# YOUR TASK
Transcribe the entries exactly. Start at the top, stop after the line with "Business card featuring", and omit every picture.

# RECORDS TO USE

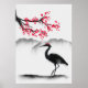 Hand painted traditional Japanese themed wall art with sakura and heron
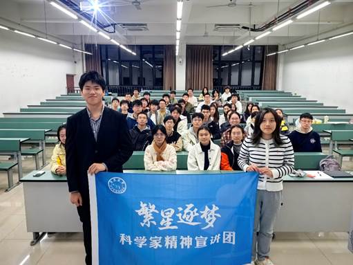 在犀浦校区X4158开展新生入学教育系列之“学习科学家精神”专题讲座。此次讲座由“繁星逐梦”科学家精神宣讲团主讲,本科2025级辅导员曾祥珂、向祎斐及全体同学共同参加。
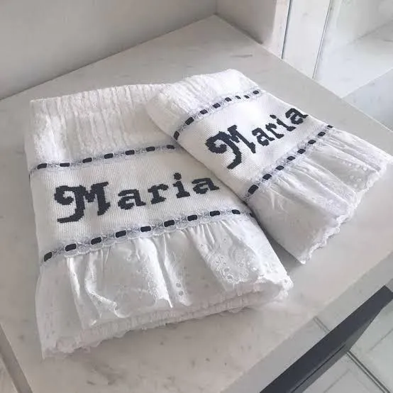 Quem for a pessoa que for o ganhador receberá um lindo conjunto de toalha contendo uma toalha de banho e uma de rosto, as duas personalizadas com um nome a sua escolha. Imagem ilustrativa.
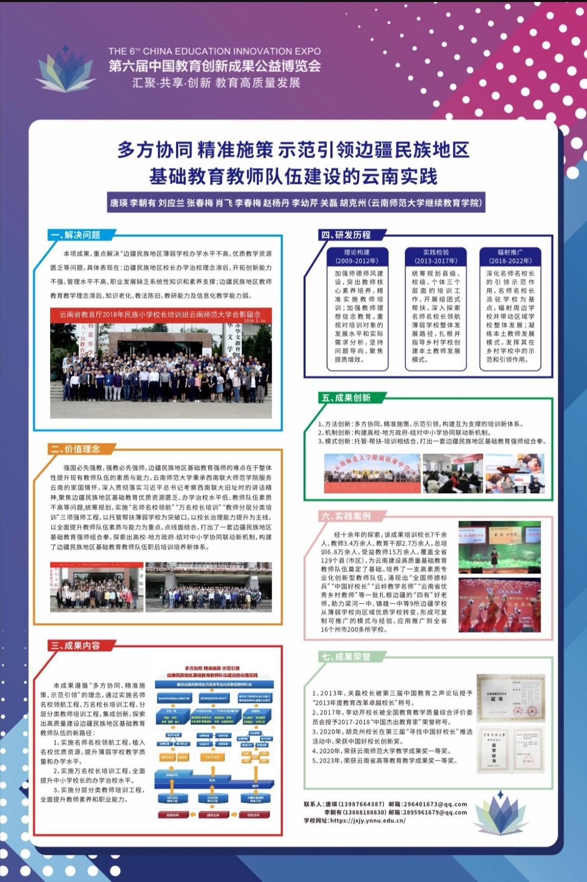 11月18至21日,我校继续教育学院团队赴珠海参加第六届中国教育创新成果公益博览会(以下简称“教博会”)。继续教育学院成果“多方协同 精准施策 示范引领边疆民族地区基础教育教师队伍建设的云南实践”经教博会层层审查,入选第六届中国教育创新成果公益博览会展览展示。
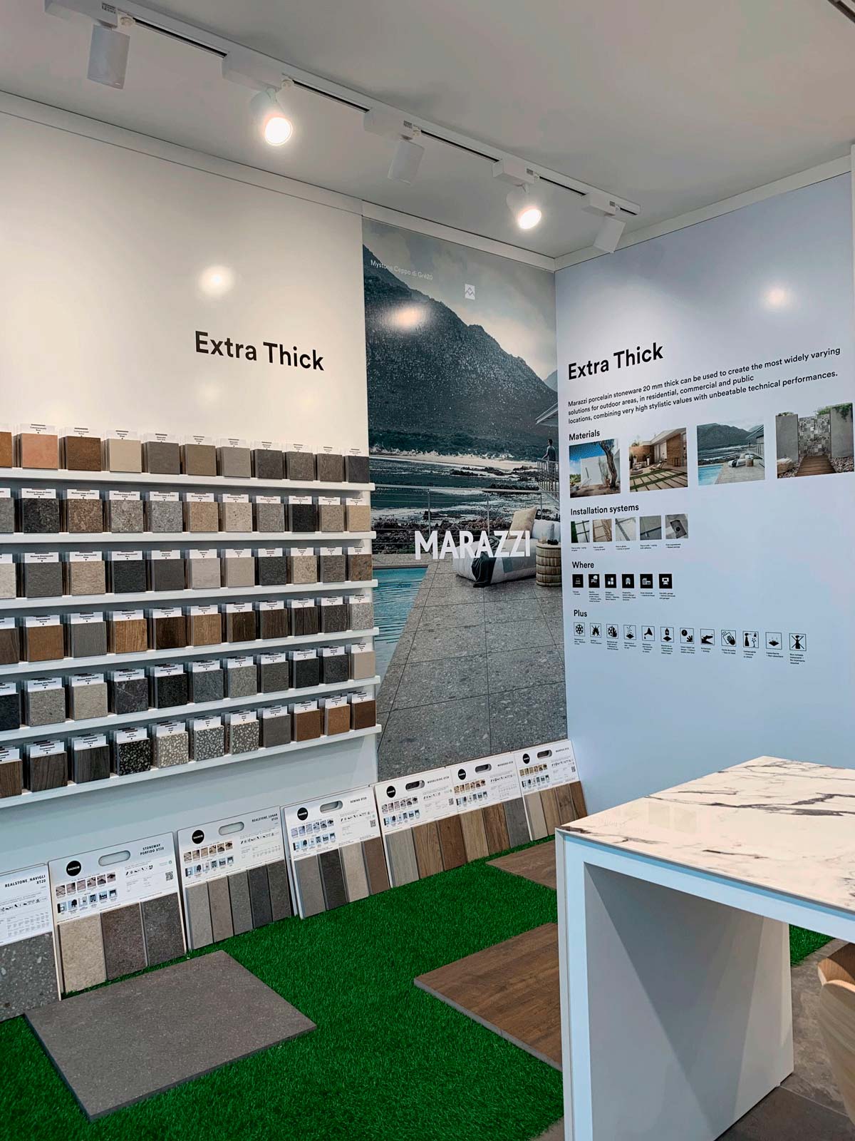 Marazzi Group exhibits its latest ceramic and stoneware collections in its showroom in Dubai’s Design District. A vast assortment of porcelain stoneware, single-fired and mosaic products is available in a variety of sizes – from the smallest and most traditional up to large slabs – colours, thicknesses and surfaces, for both the home and the contract sector, including slimline, lightweight wall coverings and extra-thick technical stoneware pavings for outdoor use. The showroom also contains the Marazzi The Top selection of stoneware slabs for the creation of worktops, backsplashes, tables, cabinet doors and bespoke furnishing solutions for residential and commercial locations.
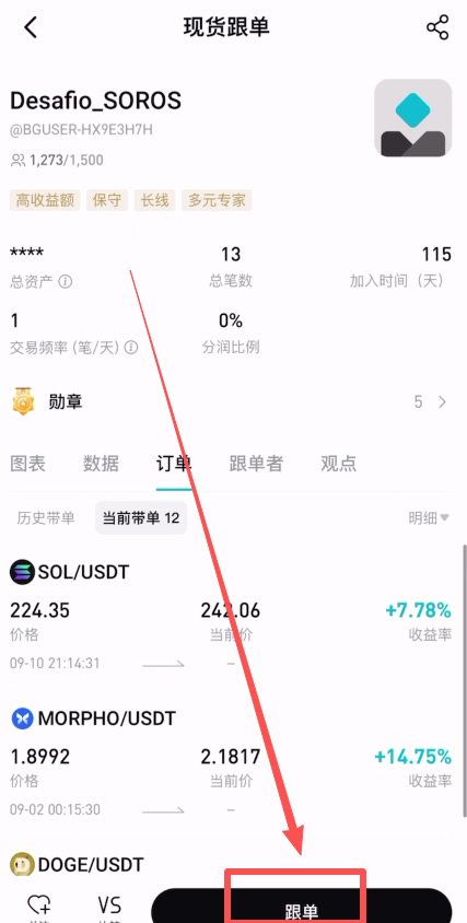 如果说他目前带有一大堆订单的话,这个就是快逃。如果说你觉得他目前的带单数据都非常合理,我们就可以点击这里的【跟单】。
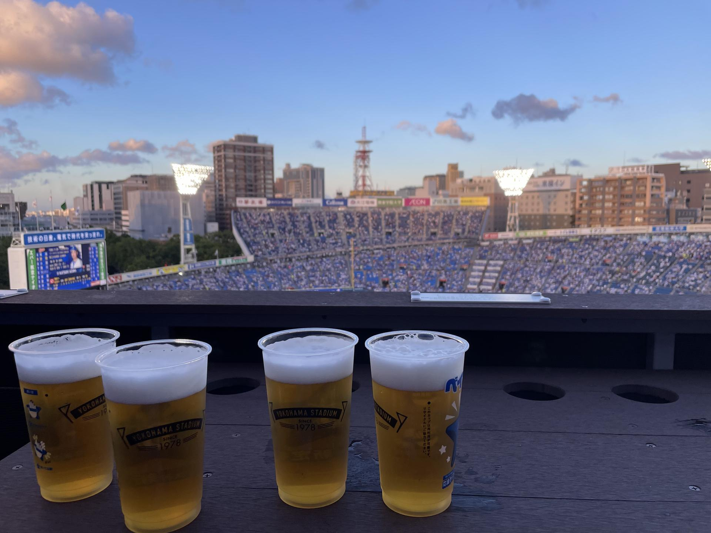 2023年8月某日、社長に横浜スタジアムのボックス席を取っていただき、ベイスターズvs広島戦を見に行きました!暑い夜に星空の下での飲むビールは最高でした!!!
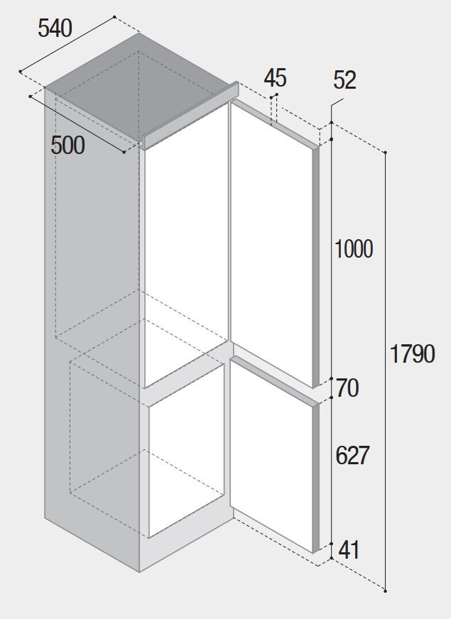 Vnější rozměry š/h/v: 540 / 545 / 1790
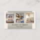Business card featuring 4 of your own photos in a portfolio of your favourite projects, framed by a neutral grey design on your custom background colour. This business card can easily be adjusted for other professions.
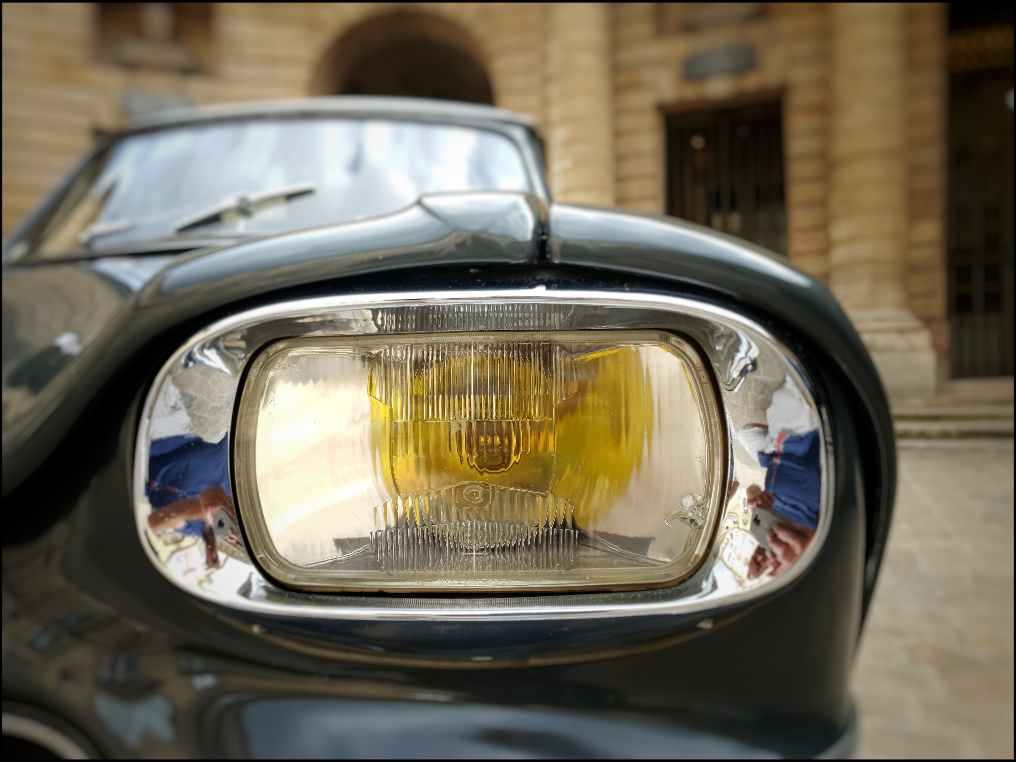 Alors que sept photographes exposent leur regard sur les Citroën d’hier et d’aujourd’hui, et que l’une d’entre eux se détache nettement (Mouna Karray, cf l’article précédent), alors que dehors, dans la cour, les concepteurs de l’exposition The World inspired by Citroën ont installé six classiques de la marque autour d’un débonnaire C5 Aircross qui semble un peu se demander ce qu’il fait là (une idée au hasard : de la promotion ?), que croyez-vous que fit votre serviteur ? Il dégaina son smartphone, parce qu’il avait laissé son APN à la maison, et il tourna un bon moment autour de la deuche, de l’Ami 6, de la DS, de la CX, de la GSA et de la BX alignées sous la belle lumière de la fin d’aprés-midi reflétée par les façades chaudes de l’institution.

# ANSWER SECTION
 Hand painted traditional Japanese themed wall art with sakura and heron
 在犀浦校区X4158开展新生入学教育系列之“学习科学家精神”专题讲座。此次讲座由“繁星逐梦”科学家精神宣讲团主讲,本科2025级辅导员曾祥珂、向祎斐及全体同学共同参加。
 Quem for a pessoa que for o ganhador receberá um lindo conjunto de toalha contendo uma toalha de banho e uma de rosto, as duas personalizadas com um nome a sua escolha. Imagem ilustrativa.
 11月18至21日,我校继续教育学院团队赴珠海参加第六届中国教育创新成果公益博览会(以下简称“教博会”)。继续教育学院成果“多方协同 精准施策 示范引领边疆民族地区基础教育教师队伍建设的云南实践”经教博会层层审查,入选第六届中国教育创新成果公益博览会展览展示。
 Marazzi Group exhibits its latest ceramic and stoneware collections in its showroom in Dubai’s Design District. A vast assortment of porcelain stoneware, single-fired and mosaic products is available in a variety of sizes – from the smallest and most traditional up to large slabs – colours, thicknesses and surfaces, for both the home and the contract sector, including slimline, lightweight wall coverings and extra-thick technical stoneware pavings for outdoor use. The showroom also contains the Marazzi The Top selection of stoneware slabs for the creation of worktops, backsplashes, tables, cabinet doors and bespoke furnishing solutions for residential and commercial locations.
 如果说他目前带有一大堆订单的话,这个就是快逃。如果说你觉得他目前的带单数据都非常合理,我们就可以点击这里的【跟单】。
 2023年8月某日、社長に横浜スタジアムのボックス席を取っていただき、ベイスターズvs広島戦を見に行きました!暑い夜に星空の下での飲むビールは最高でした!!!
 Vnější rozměry š/h/v: 540 / 545 / 1790
Business card featuring 4 of your own photos in a portfolio of your favourite projects, framed by a neutral grey design on your custom background colour. This business card can easily be adjusted for other professions.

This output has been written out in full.